▶ [TASK STATEMENT] Here are records with pictures in them. Copy all of them exactly and leave the pictures out.

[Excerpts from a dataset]
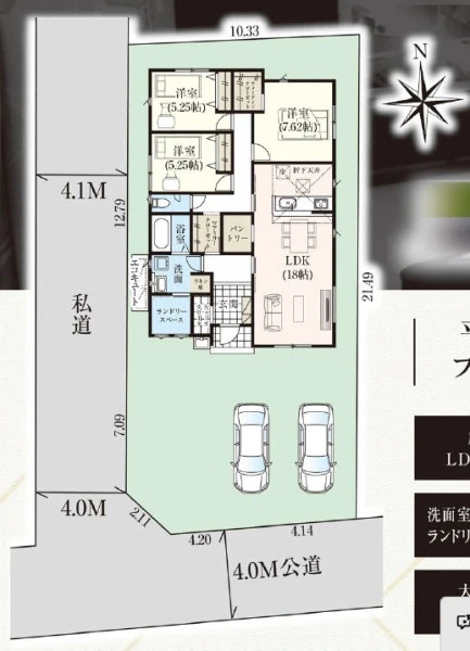 | 設備 | 上水道、複層ガラス、モニタ付インターホン、カウンターキッチン、システムキッチン、3口以上コンロ、バス、シャワー、追焚機能、浴室乾燥機、浴室に窓、浴室暖房、トイレ2箇所、温水洗浄便座、洗面台、洗面所、シャンプードレッサー、床下収納、IHクッキングヒーター、オール電化、電気、下水道、駐車2台可 | ||
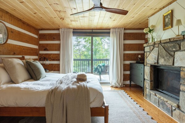 Our luxury designed cabin includes 3 bedrooms and 2 full bathrooms, a private covered deck, hot tub, and propane fireplace. Wake up to the sun rising through the trees and seasonal mountain views.
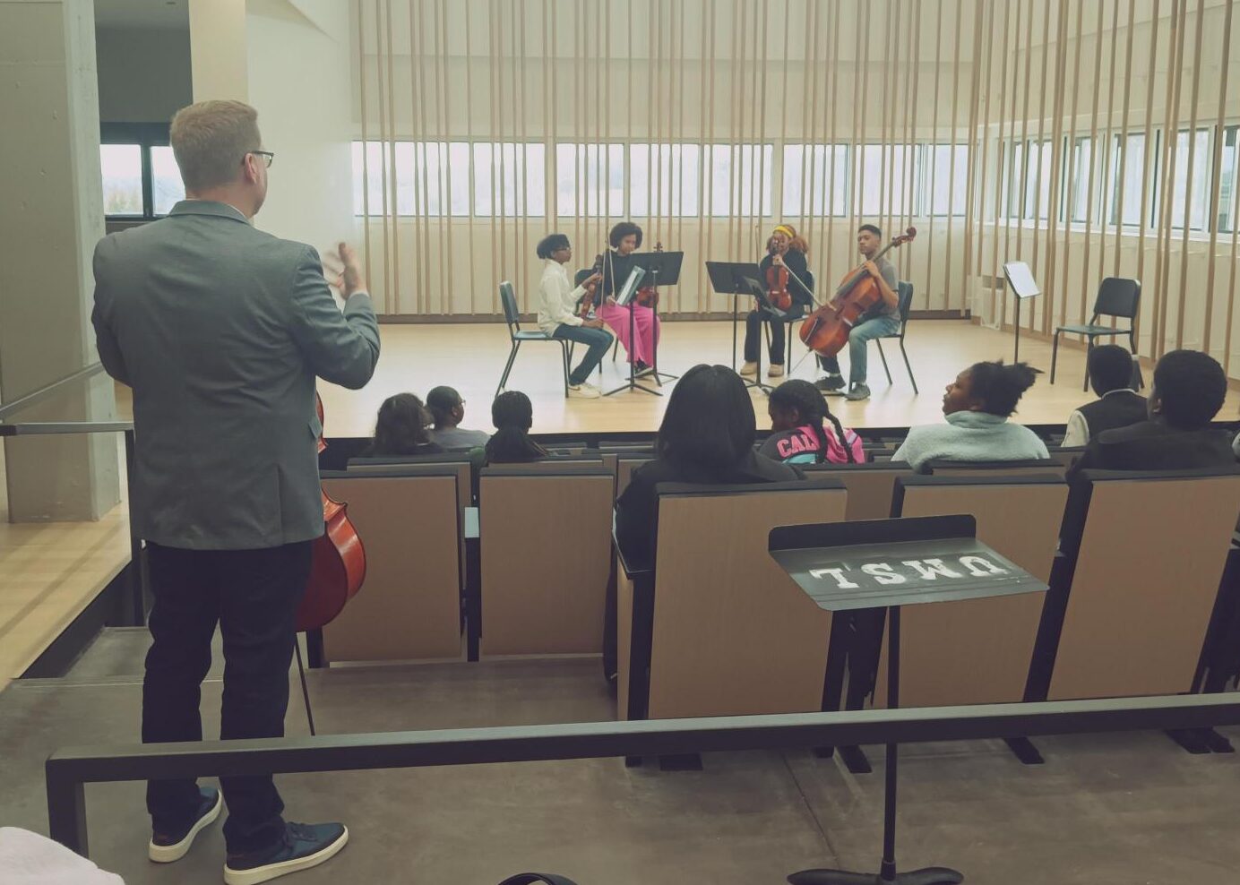 February 21 – SLSO cellist Bjorn Ranheim led a master class for students in the institution’s Peer to Peer program, a mentorship initiative to steward the talents of aspiring Black and Latiné musicians. (Photo by Joseph Hendricks)
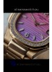 Gradient Pink and Purple Textured Dial with Date Window at 6 O'Clock.
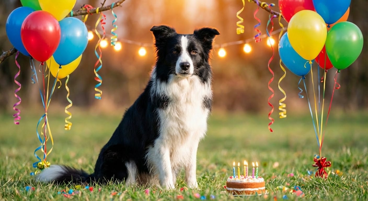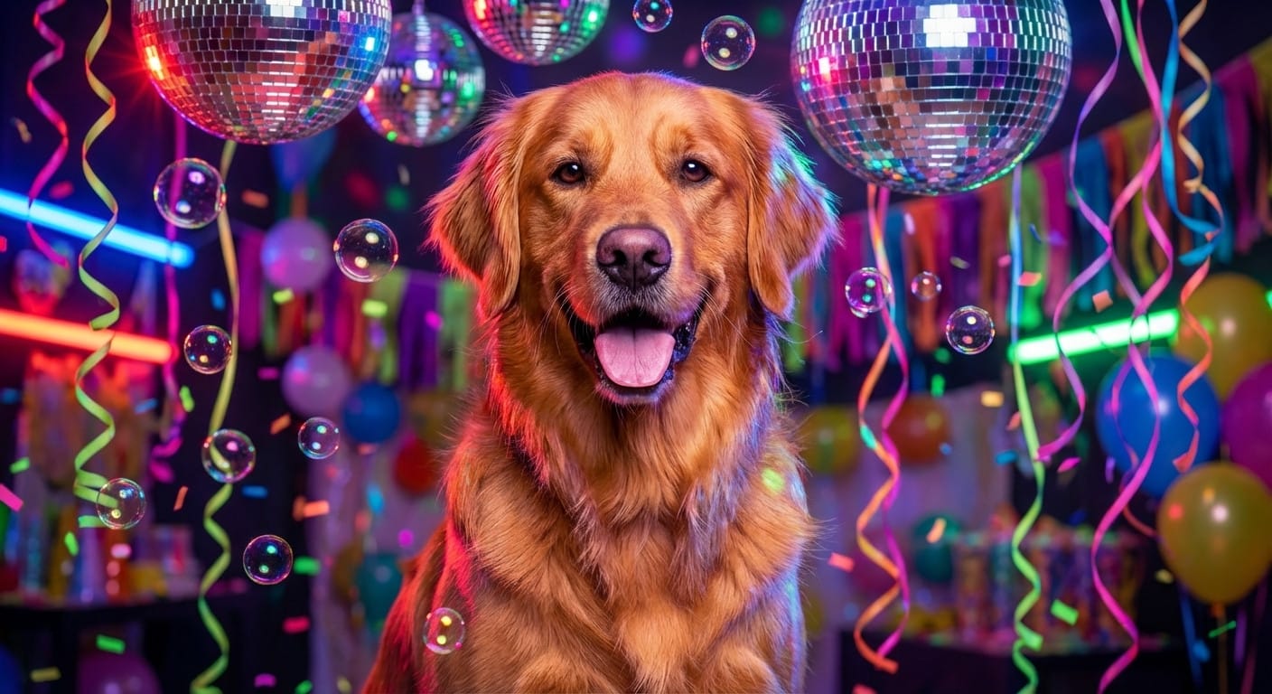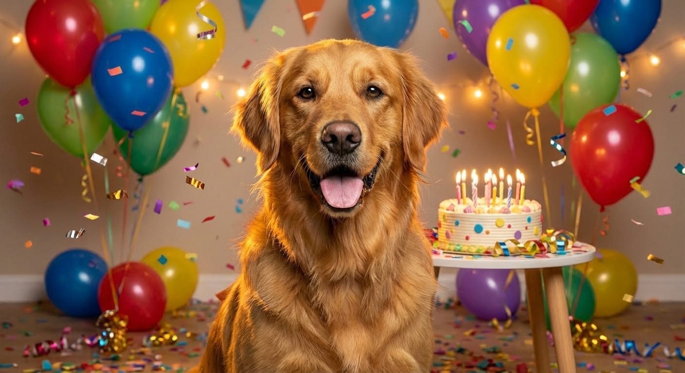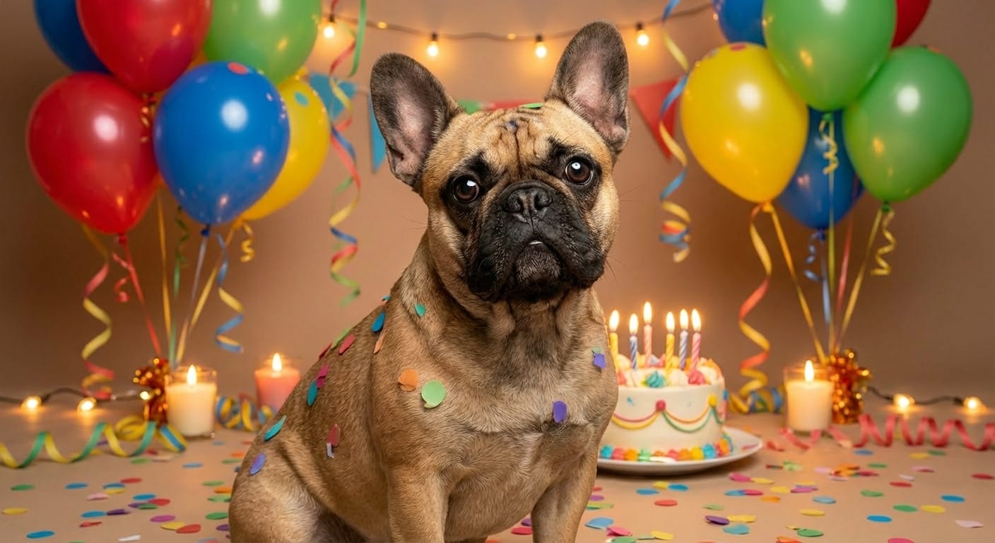 Style your pet's photo with party vibes, confetti, and birthday energy for their special day post.
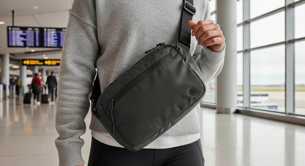 Beyond the belt bag, Lululemon now offers slightly larger crossbodies in soft, durable fabric with multiple pockets and adjustable straps. Water-resistant, lightweight, and surprisingly chic in black or soft neutrals.
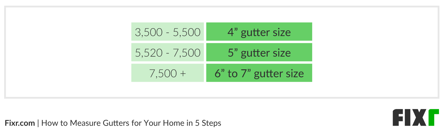 If your resulting figure from the calculation in step 4 falls between 3,500 and 5,500, you can use 4-inch gutters. Between 5,520 to 7,500, you need 5-inch gutters, while 7,500 and above should use 6-inch to 7-inch gutters depending on rainfall.
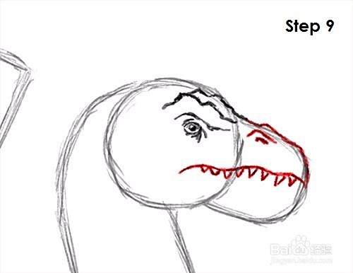 第9步:使用右侧的曲线作为绘制龙的枪口的指南。将嘴的上部绘制成一条向着圆形延伸的波浪线,并在鼻尖上绘制一个小狭缝。使用下面的另一条波浪线绘制龙的下部。在嘴里画出小三角形,形成一排锋利的牙齿。使用弧的底部作为指导绘制下颚。你可以在龙的下巴上画一个小小的钉子来获得更多的细节。

▶ [EXERCISE RESPONSE]
 | 設備 | 上水道、複層ガラス、モニタ付インターホン、カウンターキッチン、システムキッチン、3口以上コンロ、バス、シャワー、追焚機能、浴室乾燥機、浴室に窓、浴室暖房、トイレ2箇所、温水洗浄便座、洗面台、洗面所、シャンプードレッサー、床下収納、IHクッキングヒーター、オール電化、電気、下水道、駐車2台可 | ||
 Our luxury designed cabin includes 3 bedrooms and 2 full bathrooms, a private covered deck, hot tub, and propane fireplace. Wake up to the sun rising through the trees and seasonal mountain views.
 February 21 – SLSO cellist Bjorn Ranheim led a master class for students in the institution’s Peer to Peer program, a mentorship initiative to steward the talents of aspiring Black and Latiné musicians. (Photo by Joseph Hendricks)
 Gradient Pink and Purple Textured Dial with Date Window at 6 O'Clock.
 Style your pet's photo with party vibes, confetti, and birthday energy for their special day post.
 Beyond the belt bag, Lululemon now offers slightly larger crossbodies in soft, durable fabric with multiple pockets and adjustable straps. Water-resistant, lightweight, and surprisingly chic in black or soft neutrals.
 If your resulting figure from the calculation in step 4 falls between 3,500 and 5,500, you can use 4-inch gutters. Between 5,520 to 7,500, you need 5-inch gutters, while 7,500 and above should use 6-inch to 7-inch gutters depending on rainfall.
 第9步:使用右侧的曲线作为绘制龙的枪口的指南。将嘴的上部绘制成一条向着圆形延伸的波浪线,并在鼻尖上绘制一个小狭缝。使用下面的另一条波浪线绘制龙的下部。在嘴里画出小三角形,形成一排锋利的牙齿。使用弧的底部作为指导绘制下颚。你可以在龙的下巴上画一个小小的钉子来获得更多的细节。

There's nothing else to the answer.